How to Write an Address Using Numeric Character References

Here's a short tutorial on writing addresses using numeric character references. You'll want an ASCII chart handy, because each character in your email address needs to be replaced with &#__; where the underscores represent the value of the character which you want to display. For instance, you can display the word fika like so because the ASCII values for f, i, k and a are 102, 105, 107 and 97 respectively:

   fika

If you don't feel like typing this in by hand, there are lots of utilities on the Web that will do it for you.

The Addresses

The spamtrap addresses were coded as below. You'll note that äcklig's address is coded using a mix of decimal and hexadecimal references mixed with ordinary ASCII. This was sloppy of me and may be a weakness in the experiment.

Wrapped lines are indicated by ↵. Also, the domain name in this code has been changed to example.com.

<ul>
<li><a href="mailto:&#x61;&#x63;&#107;&#x6c;&#x69;g@   ↵
&#101;&#120;&#97;&#109;&#112;&#108;&#101;&#46;   ↵
&#99;&#111;&#109;">Ms.
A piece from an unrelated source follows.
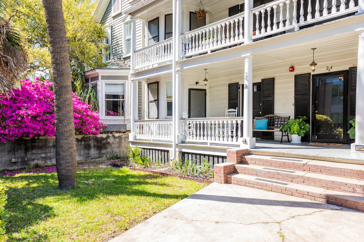 This historic property was built in 1838 with original porches to this grand Charleston home. Full renovation in January 2023 to create the beachy, coastal, surf chic spot it is today. Updates include new kitchen, two new bathrooms & fresh paint. Relax surrounded by a fun vibe and great local art. Downtown dining and bars are a short stroll away but we are still tucked in the quiet neighborhood close to MUSC Hospital. Walkable to Upper King Street nightlife and dining.
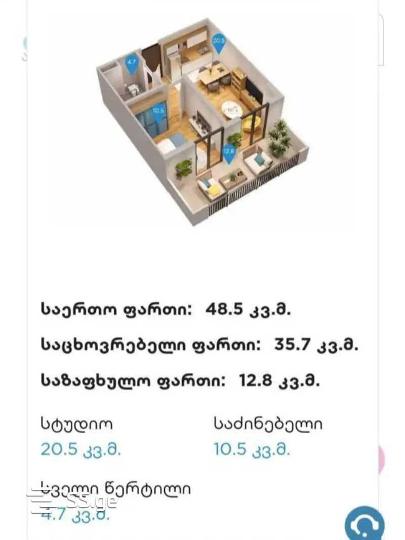 An apartment is for sale in the under-construction building of Archi at its price. 5 Gobronidze St. Near Akhmeteli Metro. 48.5 sq. 8 stories. Completion in 2027.

Acklig</a> doesn't read her
mail very often.</li>
<li><a href="mailto:fika@example.com">Mr. Fika</a>  doesn't
read his mail very often.</li>
<li>
   <script type="text/javascript">
    var s = "<a href='mailto:";
    var a = [107, 111, 110, 115, 116, 105, 103, 64, 101, 120, ↵
97, 109, 112, 108, 101, 46, 99, 111, 109];

    for (var i = 0; i < a.length; i++)
       s += String.fromCharCode(a[i]);

    s += "'>Mr. Konstig<\/a> doesn't read his mail very often.";

    document.write(s);

    </script>
</li>
</ul>

Protecting Addresses with Javascript -- A Better Implementation

One must be mindful of those who browse with JavaScript disabled. (Like myself – thank you NoScript!) Page authors must provide them with a method of contact that doesn't rely on JavaScript. An email form is the obvious solution, but it requires a little server-side programming which isn't an option for everyone. And would-be server script writers should be aware that improperly written mail form scripts can be exploited by spammers via SMTP header injection, so be careful!

A technique that's worked quite well for me is to provide one option for those that have JavaScript enabled and another for those that don't. When providing both script-enabled and scriptless content, the obvious path to take is to use <script> and <noscript> blocks. But there's a less cumbersome path, which is to write one's page assuming JavaScript is not enabled, and then include a script that makes the changes you want for the script-enabled version. So I would write all of my contact links with a link to my email form, like so:
...please <a name="contact" href="/contact.html">email me</a>...

At the bottom of each page, I'd then include JavaScript which finds each element in the page with a name of "contact" and sets the href attribute to my email address. I'd include this script at the end of the page to ensure that all of the elements that I want to change have been created when the script runs.